__WORK TO COMPLETE__
Give back the full listing as written. No pictures go with it.

SOURCE MATERIAL START

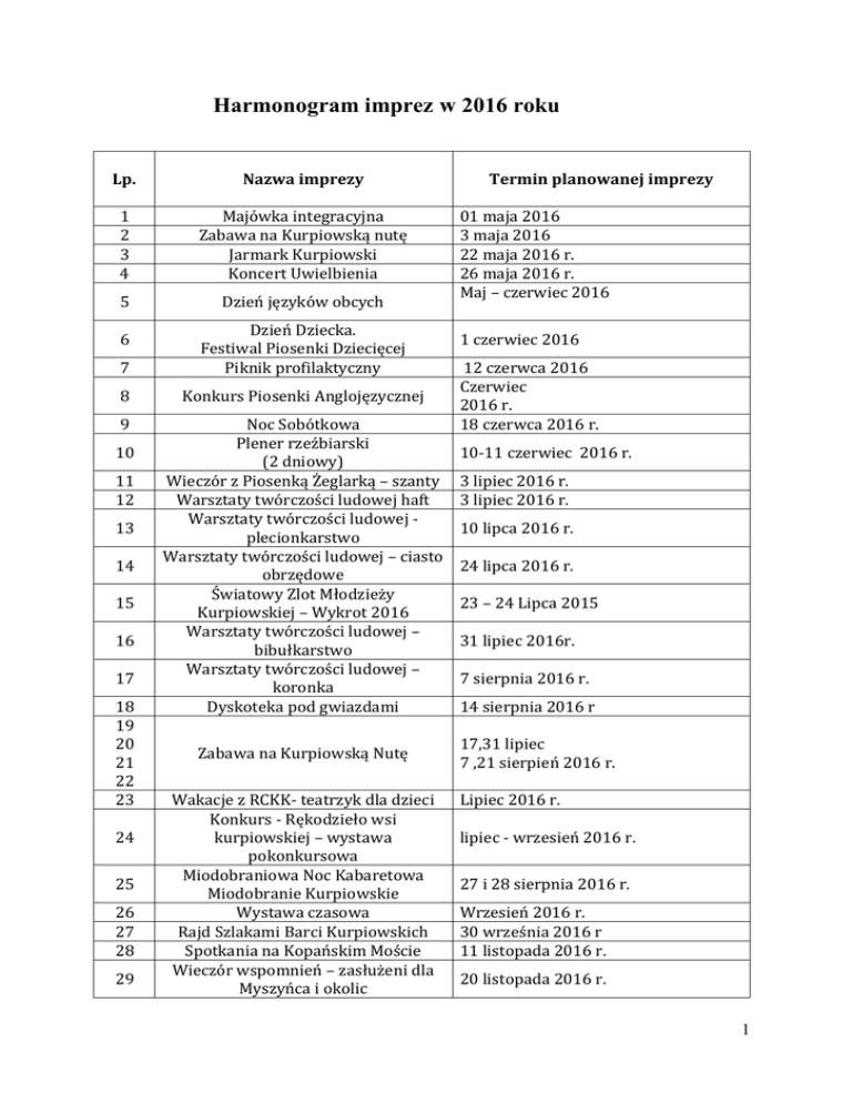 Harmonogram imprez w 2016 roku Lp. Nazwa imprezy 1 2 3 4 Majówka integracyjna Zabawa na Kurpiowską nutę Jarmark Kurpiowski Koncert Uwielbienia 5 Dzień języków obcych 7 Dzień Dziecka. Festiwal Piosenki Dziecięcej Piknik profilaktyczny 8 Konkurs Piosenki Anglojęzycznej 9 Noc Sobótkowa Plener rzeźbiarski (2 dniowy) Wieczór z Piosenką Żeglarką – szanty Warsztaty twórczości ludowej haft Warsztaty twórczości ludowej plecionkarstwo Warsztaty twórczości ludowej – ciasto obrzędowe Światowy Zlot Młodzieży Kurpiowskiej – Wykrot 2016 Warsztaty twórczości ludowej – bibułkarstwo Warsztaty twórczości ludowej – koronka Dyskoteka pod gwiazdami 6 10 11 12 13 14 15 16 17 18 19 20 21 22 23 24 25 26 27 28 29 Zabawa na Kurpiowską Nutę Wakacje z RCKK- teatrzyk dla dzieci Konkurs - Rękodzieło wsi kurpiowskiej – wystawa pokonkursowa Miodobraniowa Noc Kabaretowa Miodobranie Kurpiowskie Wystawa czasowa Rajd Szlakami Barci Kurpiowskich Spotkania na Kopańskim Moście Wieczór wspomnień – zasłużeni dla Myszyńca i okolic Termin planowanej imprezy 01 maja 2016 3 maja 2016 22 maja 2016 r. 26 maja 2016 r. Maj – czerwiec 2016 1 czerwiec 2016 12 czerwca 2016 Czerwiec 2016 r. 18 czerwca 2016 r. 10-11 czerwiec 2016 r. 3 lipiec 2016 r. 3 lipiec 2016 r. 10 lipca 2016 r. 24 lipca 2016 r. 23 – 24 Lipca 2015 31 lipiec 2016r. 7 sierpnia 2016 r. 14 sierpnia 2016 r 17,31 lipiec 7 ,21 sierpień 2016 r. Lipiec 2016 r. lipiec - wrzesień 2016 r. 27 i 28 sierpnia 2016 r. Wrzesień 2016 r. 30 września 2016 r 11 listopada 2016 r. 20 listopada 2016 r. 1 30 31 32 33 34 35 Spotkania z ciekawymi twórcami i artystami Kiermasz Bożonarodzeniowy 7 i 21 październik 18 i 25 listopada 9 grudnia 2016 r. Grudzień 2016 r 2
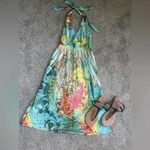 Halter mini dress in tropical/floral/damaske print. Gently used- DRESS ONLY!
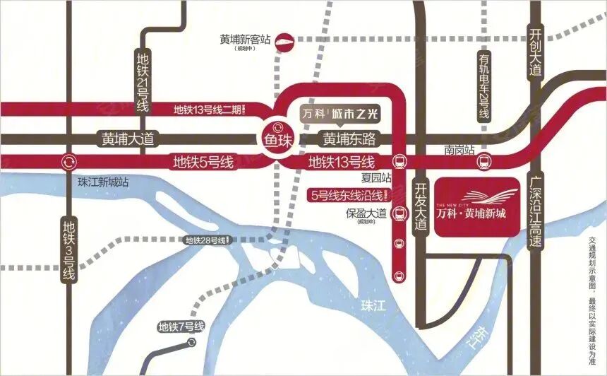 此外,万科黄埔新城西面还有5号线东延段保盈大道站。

SOURCE MATERIAL END

__SOLUTION TO THE EXERCISE__
 Harmonogram imprez w 2016 roku Lp. Nazwa imprezy 1 2 3 4 Majówka integracyjna Zabawa na Kurpiowską nutę Jarmark Kurpiowski Koncert Uwielbienia 5 Dzień języków obcych 7 Dzień Dziecka. Festiwal Piosenki Dziecięcej Piknik profilaktyczny 8 Konkurs Piosenki Anglojęzycznej 9 Noc Sobótkowa Plener rzeźbiarski (2 dniowy) Wieczór z Piosenką Żeglarką – szanty Warsztaty twórczości ludowej haft Warsztaty twórczości ludowej plecionkarstwo Warsztaty twórczości ludowej – ciasto obrzędowe Światowy Zlot Młodzieży Kurpiowskiej – Wykrot 2016 Warsztaty twórczości ludowej – bibułkarstwo Warsztaty twórczości ludowej – koronka Dyskoteka pod gwiazdami 6 10 11 12 13 14 15 16 17 18 19 20 21 22 23 24 25 26 27 28 29 Zabawa na Kurpiowską Nutę Wakacje z RCKK- teatrzyk dla dzieci Konkurs - Rękodzieło wsi kurpiowskiej – wystawa pokonkursowa Miodobraniowa Noc Kabaretowa Miodobranie Kurpiowskie Wystawa czasowa Rajd Szlakami Barci Kurpiowskich Spotkania na Kopańskim Moście Wieczór wspomnień – zasłużeni dla Myszyńca i okolic Termin planowanej imprezy 01 maja 2016 3 maja 2016 22 maja 2016 r. 26 maja 2016 r. Maj – czerwiec 2016 1 czerwiec 2016 12 czerwca 2016 Czerwiec 2016 r. 18 czerwca 2016 r. 10-11 czerwiec 2016 r. 3 lipiec 2016 r. 3 lipiec 2016 r. 10 lipca 2016 r. 24 lipca 2016 r. 23 – 24 Lipca 2015 31 lipiec 2016r. 7 sierpnia 2016 r. 14 sierpnia 2016 r 17,31 lipiec 7 ,21 sierpień 2016 r. Lipiec 2016 r. lipiec - wrzesień 2016 r. 27 i 28 sierpnia 2016 r. Wrzesień 2016 r. 30 września 2016 r 11 listopada 2016 r. 20 listopada 2016 r. 1 30 31 32 33 34 35 Spotkania z ciekawymi twórcami i artystami Kiermasz Bożonarodzeniowy 7 i 21 październik 18 i 25 listopada 9 grudnia 2016 r. Grudzień 2016 r 2
 Halter mini dress in tropical/floral/damaske print. Gently used- DRESS ONLY!
 此外,万科黄埔新城西面还有5号线东延段保盈大道站。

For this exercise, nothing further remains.